Might fear be the same thing? 

Is the fear that business visionaries, productivity gurus and public intellectuals tell me to push through actually an important signal from my subconscious that the actions I’m considering will contribute to the planetary and civilizational crises we face?

This idea’s veracity is evident in the world out my window, where it is snowing in the Silicon Valley mountains for the first time in the 30+ years I’ve lived here. Our obsession with growth and productivity has driven us to the brink of environmental disaster. 

The planet is in crisis, and we’re being called to listen to our bodies’ wisdom and protect the natural world around us. In the context of the catastrophes caused by the central-bank-mandated pursuit of infinite economic growth on a finite planet, the productivity gurus’ thesis that growth can’t happen without fear merits a closer look.
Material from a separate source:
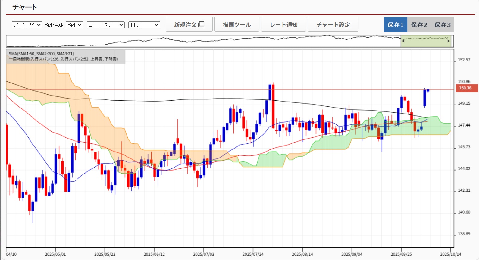 「1ドル150円は行き過ぎ」発言を受け、ドル円クロス円が一時急落する場面がありました。その他、トランプ大統領が10/27~来日する方向で調整に入っているようです。
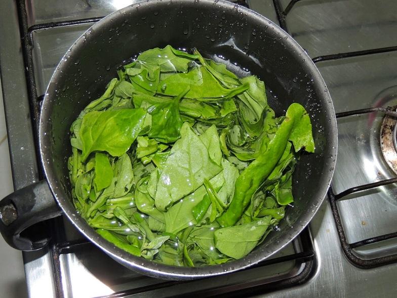 Para fazer os seus bolinhos de espinafre, a primeira coisa a fazer é lavar bem e retirar as folhas do espinafre. Se quiser pode não utilizar os talos do espinafre para fazer os bolinhos. Agora encha uma panela com água suficiente para cobrir os espinafres e deixe ferver. Quando estiver a ferver, adicione o espinafre e deixe cozinhar por cerca de um minuto. Depois escorra bem a água e pique o espinafre em pedaços bem pequenos.

So I think my fear might be telling me to contract. In fact, in the face of fear, I feel called to become fully still. To sit on a cushion. To meditate. To breathe. The best cure for fear is to feel it without aversion. By diving into the wave as it approaches, you avoid being knocked over by it.
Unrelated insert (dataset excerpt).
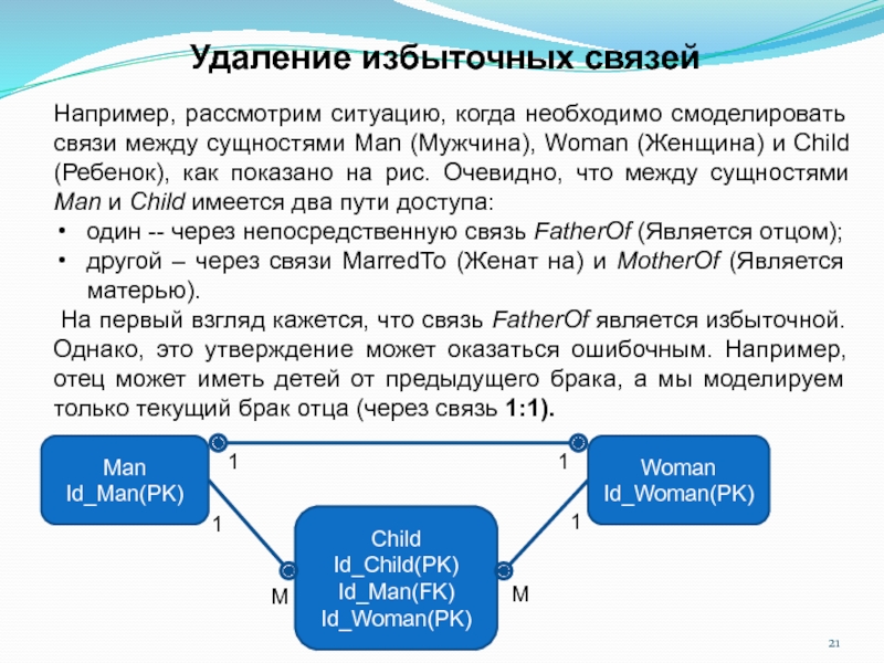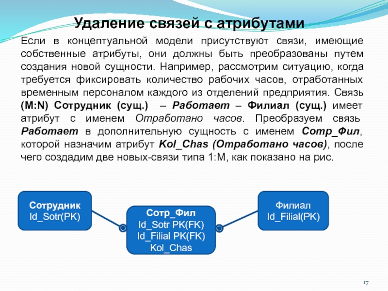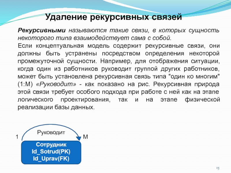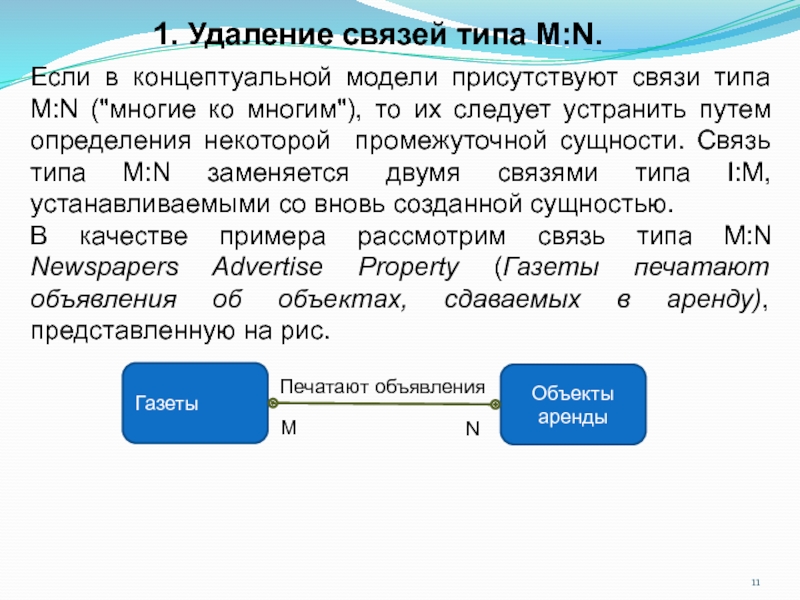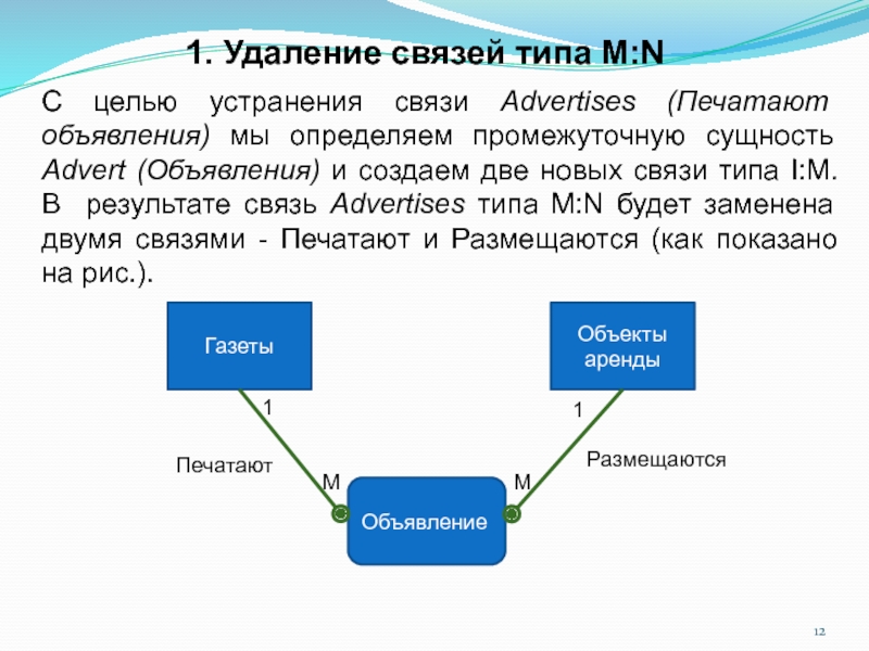 типа M:N ("многие ко многим"), то их следует устранить путем

When the fear hits, it’s obvious I have to burn off some karma. The fear warns me that whatever content or project I’m producing is in danger of being imbued with the arrogant colonizer shadows I inherited through being born into privilege. Whenever I have that familiar messianic delusion that I have all the answers, the fear follows to slow me down.

But stasis isn’t desirable either. Frozen, paranoid paralysis is not what this essay advocates.

Yoga with Adrienne‘s motto, “Find what feels good,” is useful when seeking balance. 

When practicing Hatha Yoga, the best advice is to sink into each stretch until you’re just at the edge of your comfort zone. If you’re experiencing acute pain, back off a little. If you aren’t feeling anything, drop into the pose deeper. Find what feels good and just breathe there for a while.

In this way, you are growing. You are becoming more flexy and more closely attuned to the traditionally ideal posture. But you aren’t pushing so hard you might injure yourself. 

Instead of obsessively chasing growth and productivity with mindless abandon, for the sake of status, or simply because society told us to, we can use our bodies’ innate emotional awareness to drive healthy growth. If we cultivate observation of intuitive fear and pleasure, orientation toward sustainability will be automatic. 

Healthy balance between growth and sustainability depends on playful curiosity and openness. Instead of calibrating to fear as a compass or opposing it as an obstacle to be overcome, we can embrace its invitation to slow down.  We can learn to honor the wisdom of our bodies and the natural world around us, and use that wisdom to guide us towards a more sustainable and fulfilling way of life.

So let’s find what feels good, not just in our yoga practice, but in every aspect of our lives. Let’s cultivate a sense of balance and harmony that allows us to pursue growth and productivity without sacrificing the health of our bodies, our communities, or our planet. 

What feels good, feels good, first of all… but it might also be just what we need to avoid catastrophe.